By the end of 1864, the trains of its first railroad, the San Francisco and Alameda, ran easterly from Woodstock and reached a station built in the area of what is now Pearl Street and Fernside Avenue. Westbound passengers could transfer in Woodstock at the railroad’s ferry pier, just to the west of today’s Pacific Avenue and Main Street, for a boat to San Francisco. Within five years after that beginning, Alameda became the first tidewater terminal of the first transcontinental railroad.
Alameda was not the intended end of track for the Central Pacific, which initially built eastward from Sacramento in a race with the oncoming Union Pacific for land and money that finally ended at Promontory, Utah. Oakland was where the grand plan took the railroad. Alameda, however, was in the right place at the right time when, after the rails met on May 10, 1869, the Central Pacific began its rush from Sacramento to a saltwater port.
The route from Sacramento coveted by the Central Pacific, which ran to Vallejo in a line that generally parallels today’s Interstate 80, had already been taken by the California Pacific and was not for sale at the time. The prize finally fell to the Central Pacific in 1871, when, ignoring Vallejo, they built south from Fairfield-Suisun to Benicia, crossing the Carquinez Straits by ferry until 1930, and then continued by way of Martinez and Berkeley to Oakland. In 1869, however, they were forced to follow a more circuitous route, buying and building their way down the Sacramento Valley to a point near Lathrop, then westerly toward Tracy and Pleasanton, and through Niles Canyon to what is now the town of Niles.

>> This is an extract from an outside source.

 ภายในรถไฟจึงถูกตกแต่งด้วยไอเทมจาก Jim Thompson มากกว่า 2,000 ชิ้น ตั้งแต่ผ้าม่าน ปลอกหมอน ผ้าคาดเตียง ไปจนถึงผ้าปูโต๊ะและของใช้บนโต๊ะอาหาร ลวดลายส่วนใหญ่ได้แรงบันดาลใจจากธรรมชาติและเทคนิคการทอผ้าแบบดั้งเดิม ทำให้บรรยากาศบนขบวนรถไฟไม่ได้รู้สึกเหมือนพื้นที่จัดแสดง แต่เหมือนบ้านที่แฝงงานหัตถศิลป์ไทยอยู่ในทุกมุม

In sight of San Francisco Bay, the railroad turned to the northwest, and as it passed Hayward, it began to run parallel with and about a quarter of a mile westerly of the San Francisco and Alameda Railroad, which in 1865 had made that community its final rail head. Still Oakland-bound, the Central Pacific ran headlong into the rails of the San Francisco and Alameda as they emerged from the marsh at a place called Simpson’s (by some) and Melrose (by others), near San Leandro. Straight ahead lay Oakland, with more miles to go and more construction to do, including a pier when the rails reached tidewater. To the left was Alameda, with track in place, although in need of some upgrading, and a pier that already sent ferries across the bay.

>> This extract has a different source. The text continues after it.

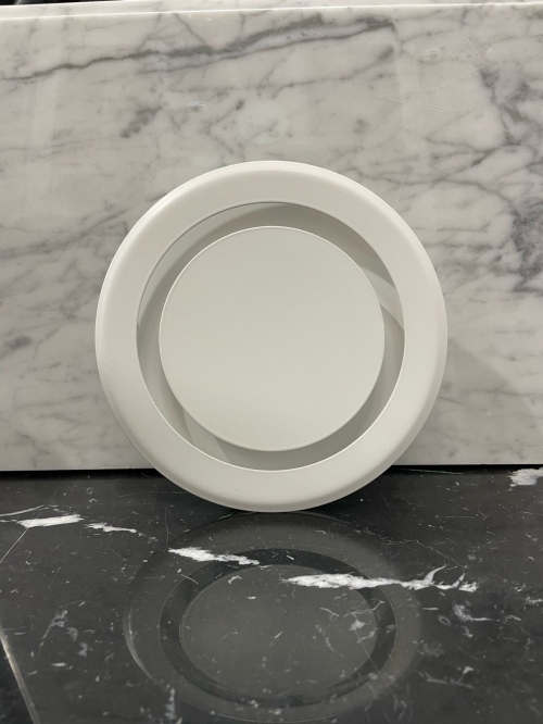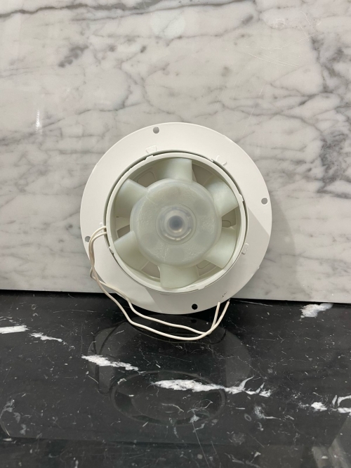 • Вентилятор белый металлический накладного типа.

The Central Pacific, by now the owner of the San Francisco and Alameda Railroad, made the left turn, and the rest is the story that is told in the words and photographs that follow.
No railroad helped make a more indelible mark on Alameda than that of the San Francisco Bridge Company. This double-headed train, being loaded with spoils by a steam shovel, is assisting in the geo-surgery that created the 400-foot-wide, mile-long tidal canal that linked the estuary with San Leandro Bay and turned Alameda from a peninsula into an island.